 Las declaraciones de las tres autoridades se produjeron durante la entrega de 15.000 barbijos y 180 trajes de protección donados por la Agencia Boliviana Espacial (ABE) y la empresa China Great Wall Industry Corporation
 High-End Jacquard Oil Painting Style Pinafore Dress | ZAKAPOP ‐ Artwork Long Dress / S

+---+

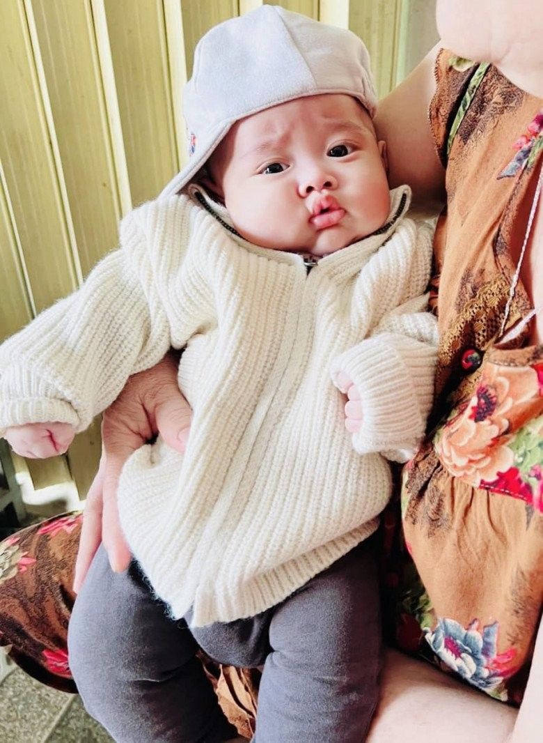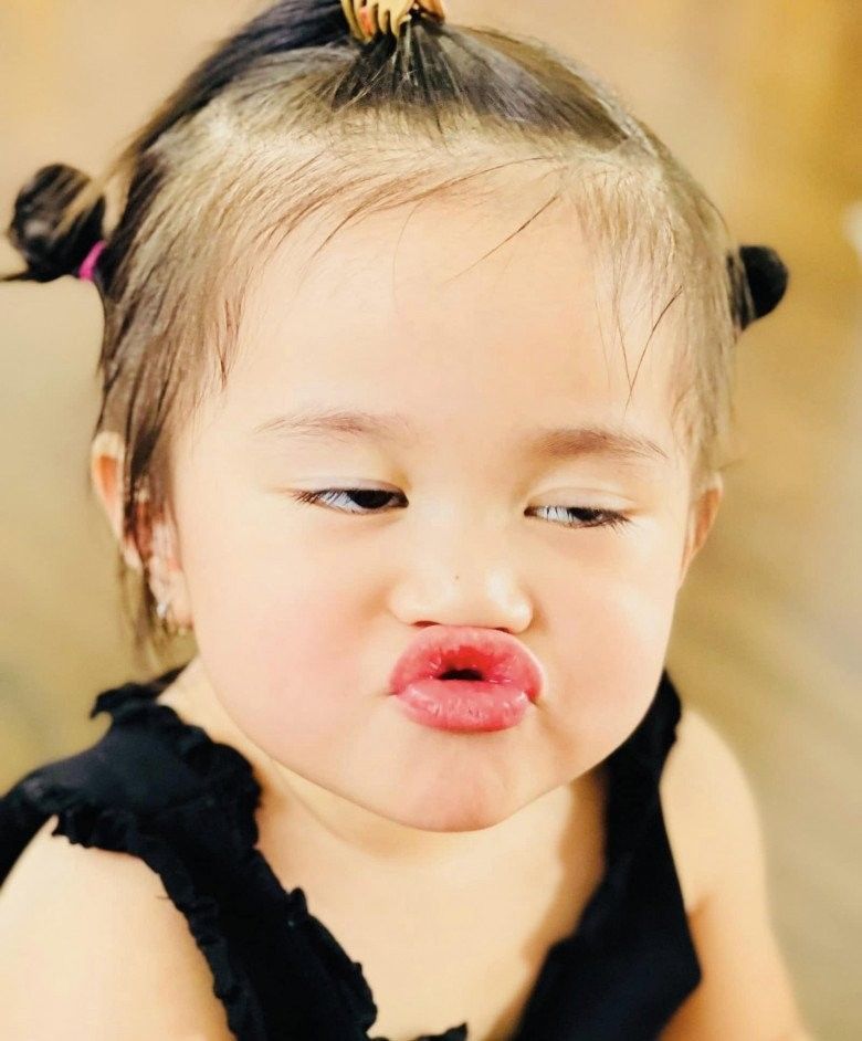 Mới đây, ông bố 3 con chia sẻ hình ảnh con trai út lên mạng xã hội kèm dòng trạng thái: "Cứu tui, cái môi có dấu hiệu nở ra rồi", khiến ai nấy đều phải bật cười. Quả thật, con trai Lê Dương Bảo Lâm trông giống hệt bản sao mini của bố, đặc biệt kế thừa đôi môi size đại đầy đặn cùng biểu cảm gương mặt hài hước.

+---+

WHAT YOU HAVE TO DO:
Go to the line in the material above that contains "Las declaraciones de" and copy exactly from there through the line that contains "High-End Jacquard Oil", stopping after it.

RESPONSE BELOW:
 Las declaraciones de las tres autoridades se produjeron durante la entrega de 15.000 barbijos y 180 trajes de protección donados por la Agencia Boliviana Espacial (ABE) y la empresa China Great Wall Industry Corporation
 High-End Jacquard Oil Painting Style Pinafore Dress | ZAKAPOP ‐ Artwork Long Dress / S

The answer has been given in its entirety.